Были и другие дома с другими незанавешенными окнами, у одного окна сидел студент и читал учебник. Он был медик и занимался большую часть суток, потому что вскоре ему предстоял первый экзамен. Покуда он так сидел, вошла его мать, внесла кофе и печенье на подносе. Поднос она поставила перед ним и слегка помешкала – это печенье он особенно любил. Сын даже не поднял глаз от книги, он взял красный карандаш и подчеркнул какую-то фразу, хотя при этом, медленно улыбнулся, вытянул левую руку и похлопал мать по плечу. Она еще немного постояла, она хотела, чтобы он позволил себе хоть минутный отдых, но он продолжал улыбаться и глядеть в книгу. Лишь когда она ушла, он поднял взгляд и принялся уписывать печенье, с прежней улыбочкой. Улыбка эта появилась у него, еще когда он был маленьким мальчиком, пришел в школу, и там выяснилось, что он единственный из всего класса умеет считать до ста. Семи лет он улыбался в Сочельник, когда остальные дети водили хоровод вокруг елки и пели, а он не пел. Он и по воскресеньям улыбался, когда вся семья была в сборе, а он сидел как бы особняком, он улыбался в аудитории, когда его спрашивал профессор, после того как кто-то другой не сумел ответить на вопрос. А скоро он станет доктором в провинциальном городке и, так же улыбаясь, будет рассуждать о том, как ему стыдно за других местных врачей, которые ставят ошибочные диагнозы и норовят переманить его пациентов. В то время мать нечасто будет наслаждаться его обществом, у него от силы сыщется минута, чтобы раз в месяц черкнуть ей несколько слов. Но однажды зимней ночью ему придется проехать много километров по опасным, обледенелым дорогам, чтобы посмотреть больного ребенка, и он спасет этого ребенка от смерти, хотя впоследствии ни спасенный, ни его родители, ни он сам и думать не будут, что ребенок жив лишь потому, что он тогда приехал.
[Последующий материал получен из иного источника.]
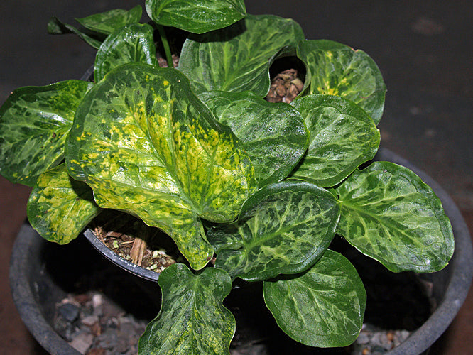 Ultimately from Nancy Lindsay vis David Bromley. Yellow marked patterned leaves Sep-Jun, 25cm. The yellow colouring develops as the leaves mature.

И возможно, его улыбка, и все, что он говорит и делает, и его самомнение – все это лишь нагромождение пустяков, заслоняющее одну простую истину, а истина заключается в том, что зимней ночью он поехал к больному ребенку. Далее можно представить себе, что и та ночь в свою очередь напрямую связана с ноябрьским вечером много лет назад, когда мать принесла ему кофе на подносе, пусть даже он не поднял глаз от своей книги.

На ходу человек в дождевике лишь мельком сумел углядеть студента с книгой и его мать с подносом, но, не успев довести до конца свою мысль, он уже поднялся на железнодорожный мост, остановился и поглядел вниз. Станция была совсем близко, и железнодорожное полотно в этом месте было довольно широким, со множеством сбегающихся и разбегающихся путей. Наверху буря раскачивала на столбе дуговой фонарь, внизу свет и тени беспокойно догоняли друг друга, перебрасывая отблеск с рельсы на рельсу. Покуда человек стоял на мосту, к перрону с противоположной стороны подошел поезд, остановился на мгновение, снова тронулся и медленно проплыл под мостом. Человек прижался к перилам, чтобы заглянуть в освещенные окна. В одном из первых друг против друга сидели мужчина и молодая женщина, мужчина читал газету, женщина праздно сложила руки на коленях. Мужчина и женщина были год как женаты, и первые месяцы он не читал никаких газет, когда они вместе ехали домой. Потом настало время, когда он сначала предлагал газету ей. «Ты не хочешь? Возьми, пожалуйста». Но она не хотела, и тогда он сам просматривал газету, немного просматривал и немного разговаривал с женой. А теперь уже само собой разумелось, что он достанет газету, едва войдя в купе. Лучше бы ему, конечно, не читать в поезде, ведь хотя они год как поженились, она так и не стала женщиной или дамой, она оставалась девочкой. Это было видно и по тому, как она сидит, и по тому, как наклоняет головку, и по тому, как держит руки на коленях. Лицо мужчины было закрыто газетой, но в своей праздности она разглядывала его руки, держащие газету, и его ботинки, и пробор на его голове, и пальто, и шарф, которые висели у окна и слегка покачивались в такт движению поезда. Немного погодя он опустил газету и устремил взгляд во тьму. «Ну, – сказал он и вздохнул, – вот мы и дома». «Да», – ответила она. «Я немного устал, а ты?» – «Да», – сказала она. Поезд остановился, они встали. «Не забудь газету», – сказала она. Он оставил ее на сиденье. «Да-да!» И он взял газету. Он не до конца ее дочитал. Оба встали.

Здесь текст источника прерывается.